Then came the impulse to get the Bible and read it for herself. "The impulse!" whence did it come?
When Edith felt so orphaned and alone, forgotten even of God, then the Divine Father was nearest his child. When, in her bitter extremity, at this lonely midnight hour she realized her need and helplessness as never before, her great Elder Brother was waiting beside her.
The impulse was divine. The Spirit of God was leading her as He is seeking to lead so many. It only remained for her to follow these gentle impulses, not to be pushed into the black gulf that despairing Laura dreaded, but to be led into the deep peace of a loving faith.
She went down into the parlor to get the Bible that in her hands had revealed the falseness and baseness of Gus Elliot, and the thought flashed through her mind like a good omen, "This book stood between me and evil once before." She took it to the light and rapidly turned its pages, trying to find some clew, some place of hope, for she was sadly unfamiliar with it.
Was it her trembling fingers alone that turned the pages? No; He who inspired the guide she consulted guided her, for soon her eyes fell upon the sentence--
"Come unto me all ye that labor and are heavy laden, and I will give you rest."
The words came with such vivid power and meaning that she was startled, and looked around as if some one had spoken to her. They so perfectly met her need that it seemed they must be addressed directly to her.
"Who was it that said these words, and what right had he to say them?" she queried eagerly, and keeping her finger on the passage as if it might be a clew out of some fatal labyrinth, she turned the leaves backward and read more of Him with the breathless interest that some poor burdened soul might have felt eighteen centuries ago in listening to a rumor of the great Prophet who had suddenly appeared with signs and wonders in Palestine.

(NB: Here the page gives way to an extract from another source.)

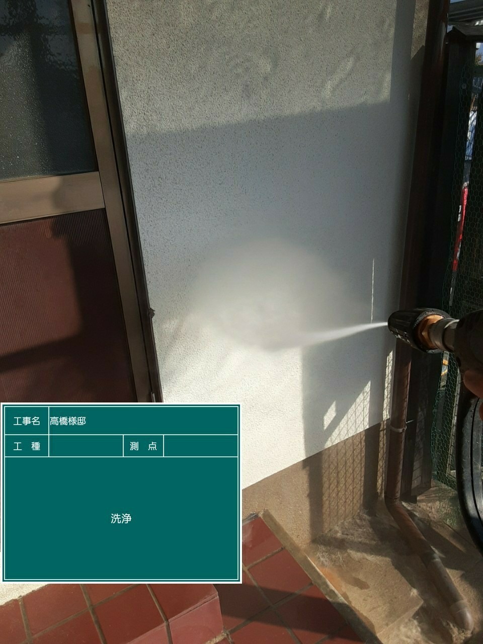 高圧洗浄にて塗装箇所に付着したコケや汚れなどを取り除いていきます。
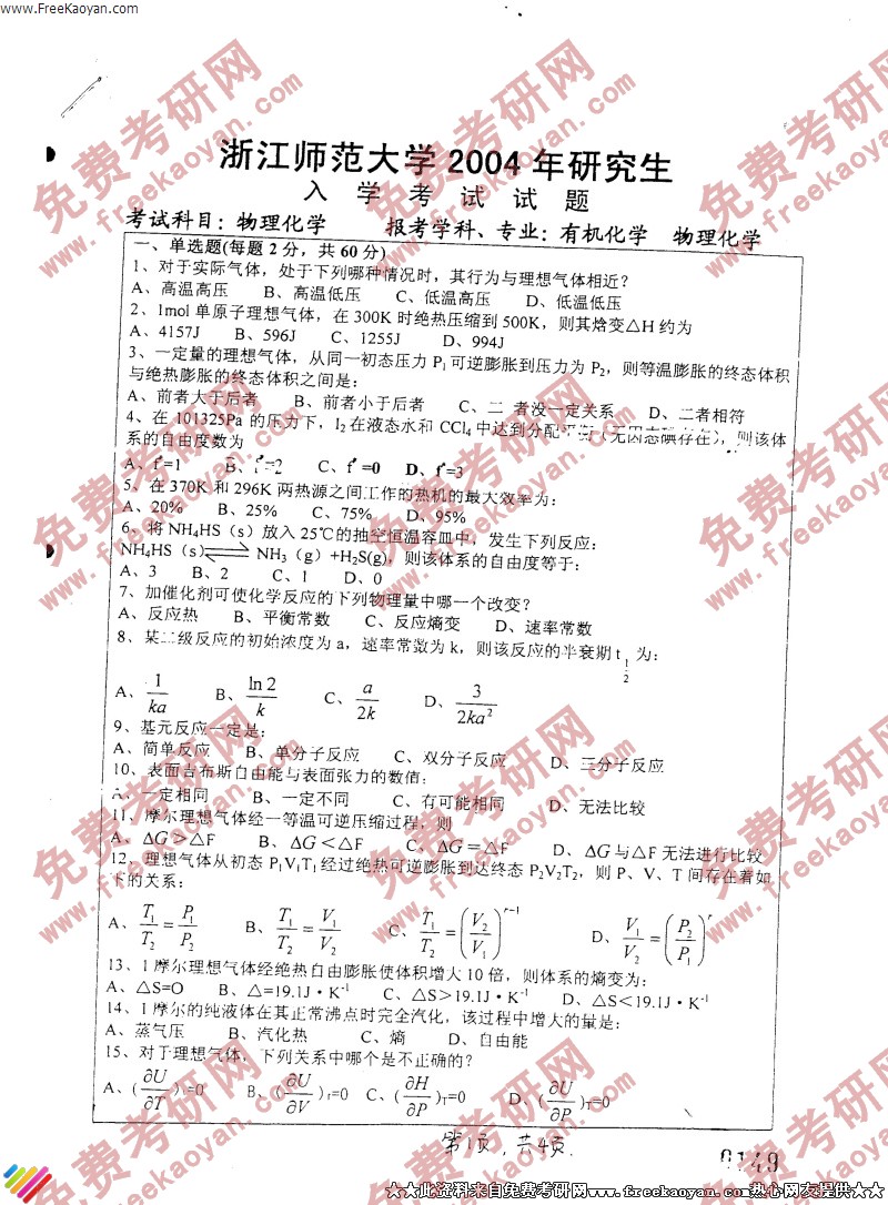 浙江师范大学2004年半岛在线注册真题-物理化学

Then she turned and read again and again the sweet words that first arrested her attention. They seemed more luminous and hope-inspiring every moment, as their significance dawned upon her like the coming of day after night.
Her clear, positive mind could never take a vague, dubious impression of anything, and with a long-drawn breath she said, with the emphasis of perfect conviction:
"If He were a mere man, as I have been taught to believe, He had no right to say these words. It would be a bitter, wicked mockery for man or angel to speak them. Oh, can it be that it was God Himself in human guise? I could trust such a God."
With glowing cheeks and parted lips, she resumed her reading, and in her eyes was the growing light of a great hope.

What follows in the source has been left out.